Conundrum: Getting writer’s block while writing about writing.

A week or so ago, I made what I thought was a no-brainer of a commitment.  I promised myself that I would blog once a week.  Since writing is a big part of my job, this seemed like a pretty simple task.  I’d just sit at my desk and, instead of spending the next 45 minutes or so writing for one of my clients, I’d write for me.

I’m embarrassed to say I’ve always been too lazy to blog.  But I know how important it is to be “visible” and get “exposure” and have a “platform.”  And since I’m a writer, there’s probably not a better showcase for my writerly brilliance than an opportunity to write about whatever I want, right?

So I decided, yes, I would do this.  I started last week.  And, ohmigod, it was easy.  In less than an hour, I had a blog post that didn’t make me want to throw up, all written and ready to go.  I was on such a high, I even came up with concepts for my next two posts, just because I COULD, dammit!  This blogging thing?  It was gonna be cake.

So…that was last week.

Flash forward to yesterday (which I guess would be flashing backward?), when I had decided I was going to write my next blog.  I had the topic all ready to go – my son David, a college junior, just got an internship and started writing semi-professionally.  I had decided to write about how he was my first “coaching client.”

It was going to be hilarious, and meaningful, and relatable, and all those good things.

But when I sat down to write, all that came out were a random series of thoughts and sentences and beginnings and middles that had essentially no relation to each other, except that they somehow involved my kid.

Where were the brilliant sentences, the hilarious one-liners, the clever turns of phrase?
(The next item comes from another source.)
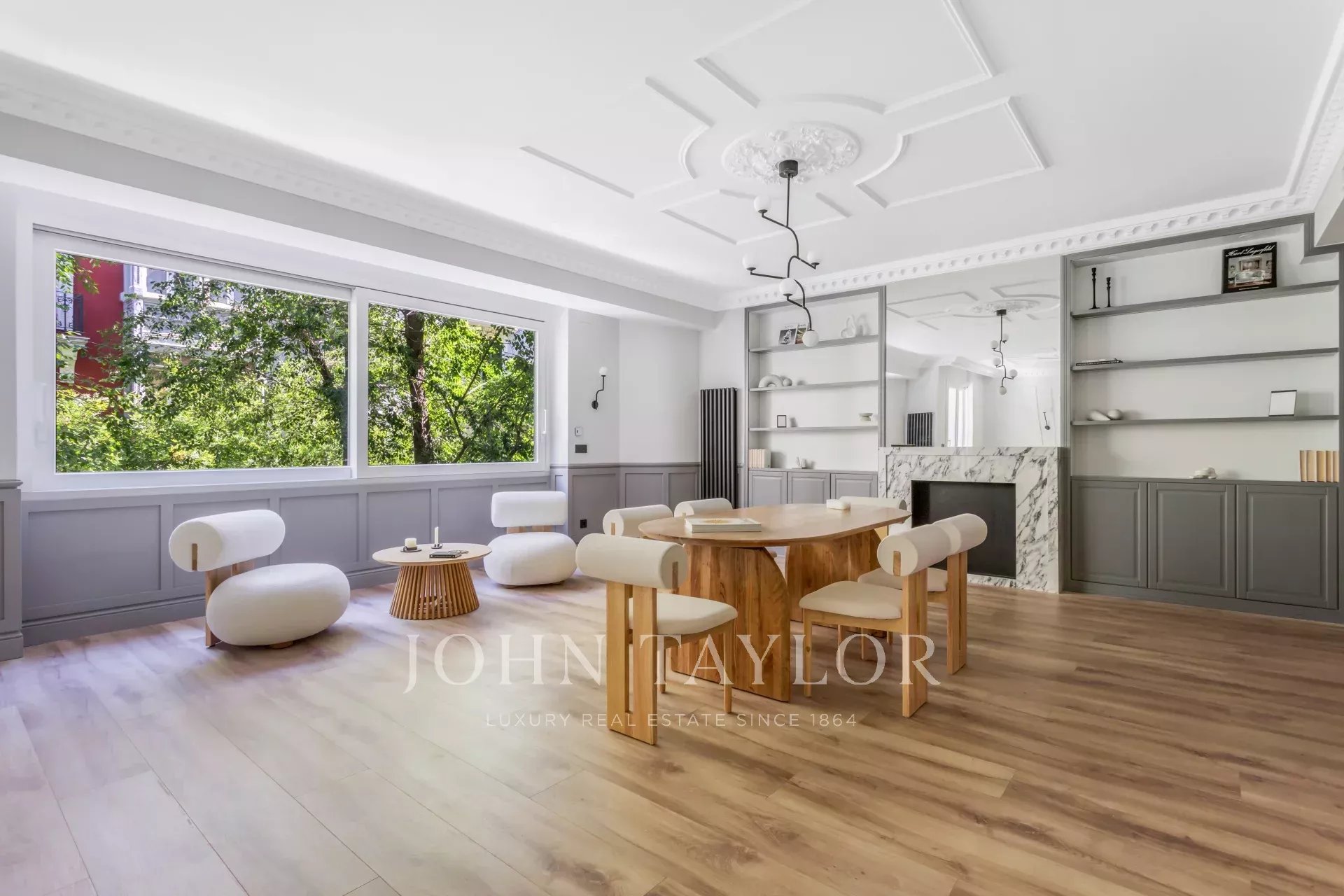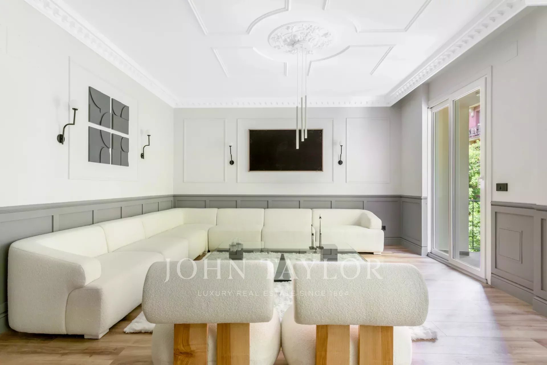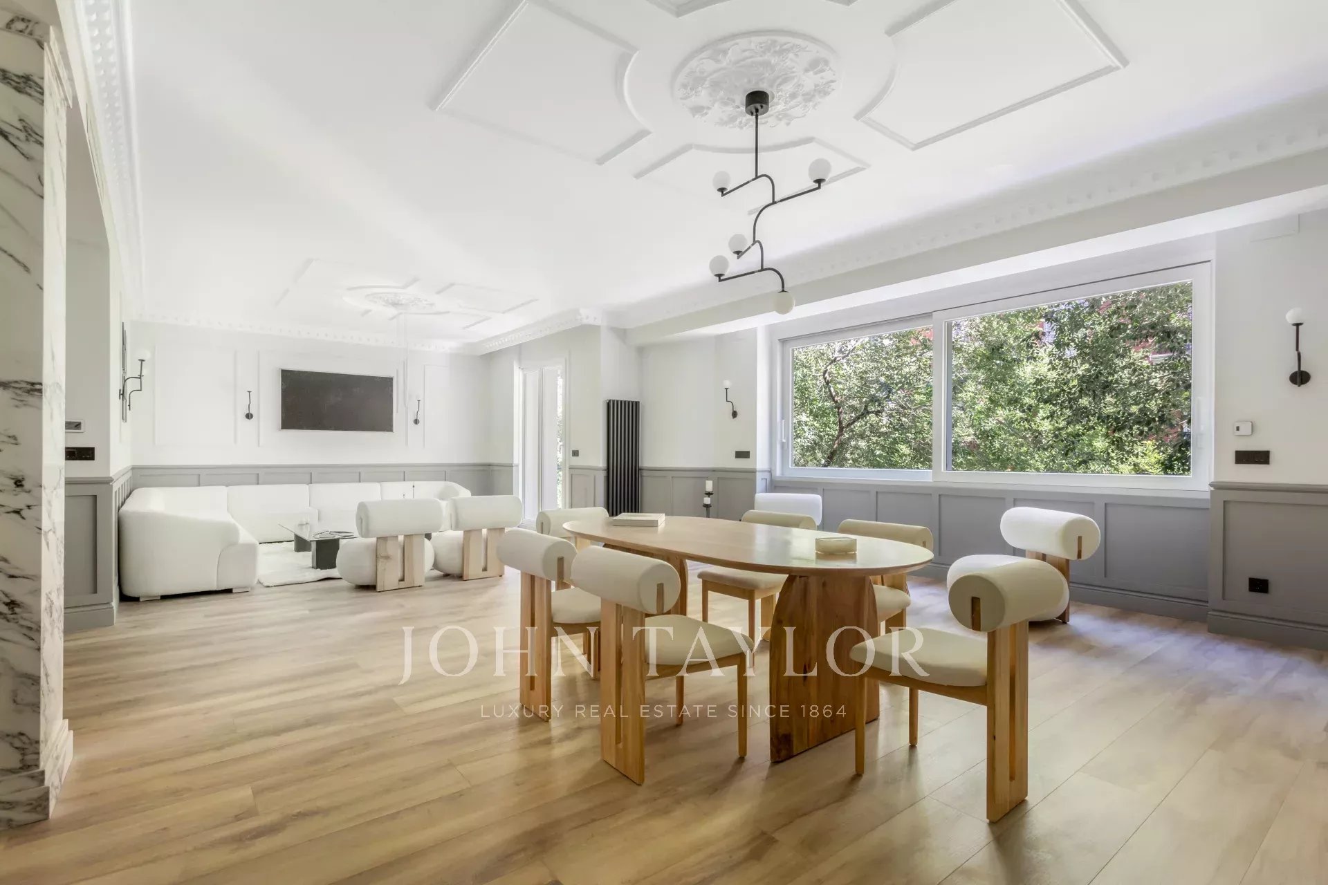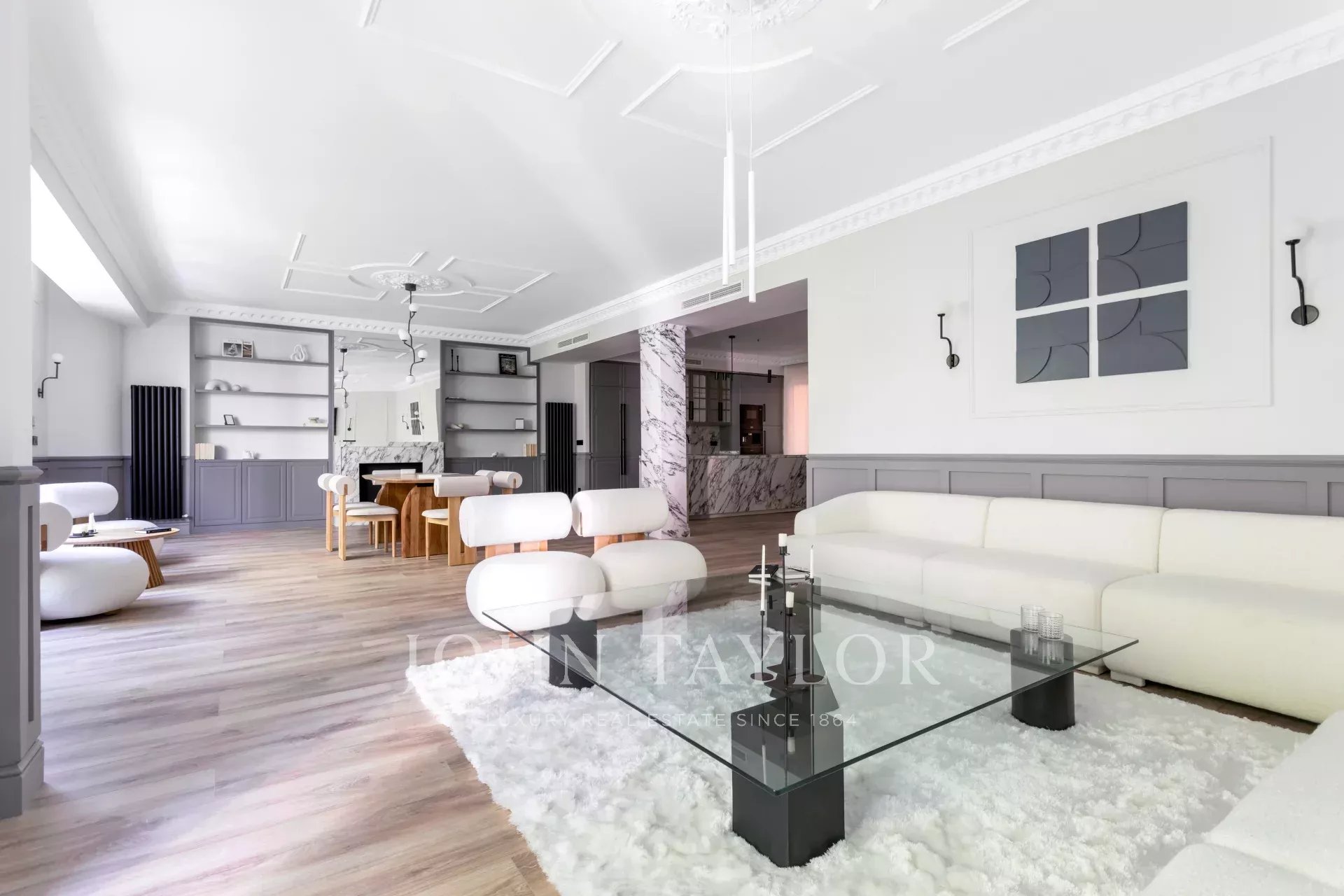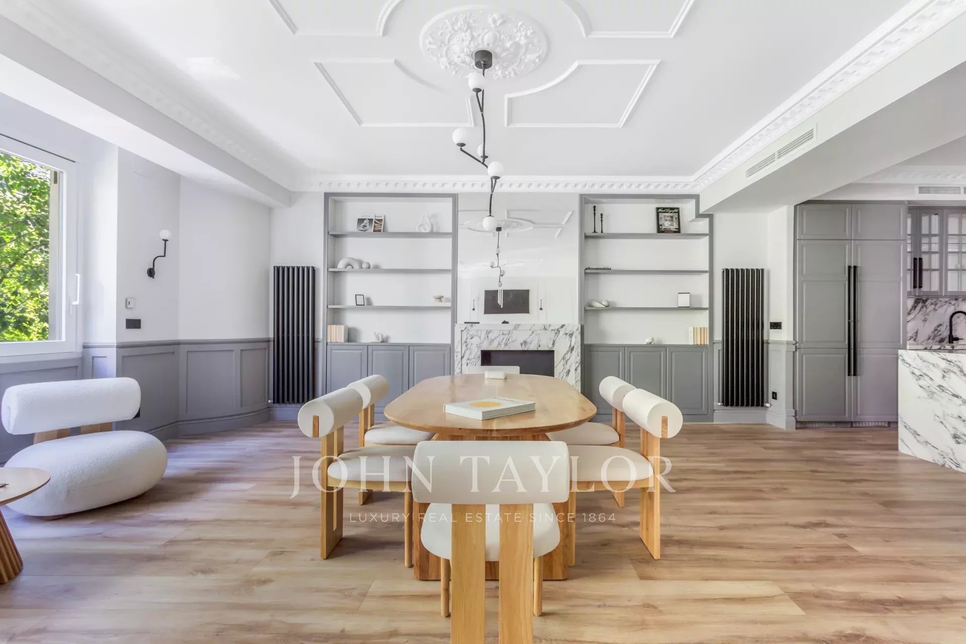 A grande sala de estar e jantar, com várias divisões, goza de uma agradável luz natural graças às suas grandes janelas. Aberta para a sala de estar encontramos a cozinha espaçosa com a sua grande ilha central e equipada com electrodomésticos topo de gama.

They were buried somewhere deep in my brain – if they had ever really existed at all.  Because, horror of horrors, I had writer’s block.

Ordinarily, writer’s block is something I know how to deal with.  I have a system I use and everything – since writing can be essential to my being able to eat.   That system is, in a nutshell, stop trying to be so creative and just write the facts.

Just.  The.  Facts.

That’s when I realized I had forgotten what the facts were.

What was it I had wanted to write about Dave in the first place?  and why was I so sure it would be clever and interesting and funny?  Because, hey, from where I was sitting, it looked more like a pile of self-indulgent drivel.

So I moved on Plan B — Write Something Else.  And decided that, since I was in the midst of a genuine, real-life episode of writer’s block, I could write about that.  After all, wouldn’t that be valuable and interesting? For a writer to share a real-time, warts and all look at what writer’s block looks and feels like?

Guess what happened when I opened a new file and started writing about writer’s block?

Well…nothing you’re going to see here.

So it was on to Plan C – also known as, Screw This – I’ll Write it Tomorrow.

Which is today.

And that’s basically why you’re reading this now, instead of some amazingly witty essay effortlessly illustrating the many hilarious parallels between parenting and coaching.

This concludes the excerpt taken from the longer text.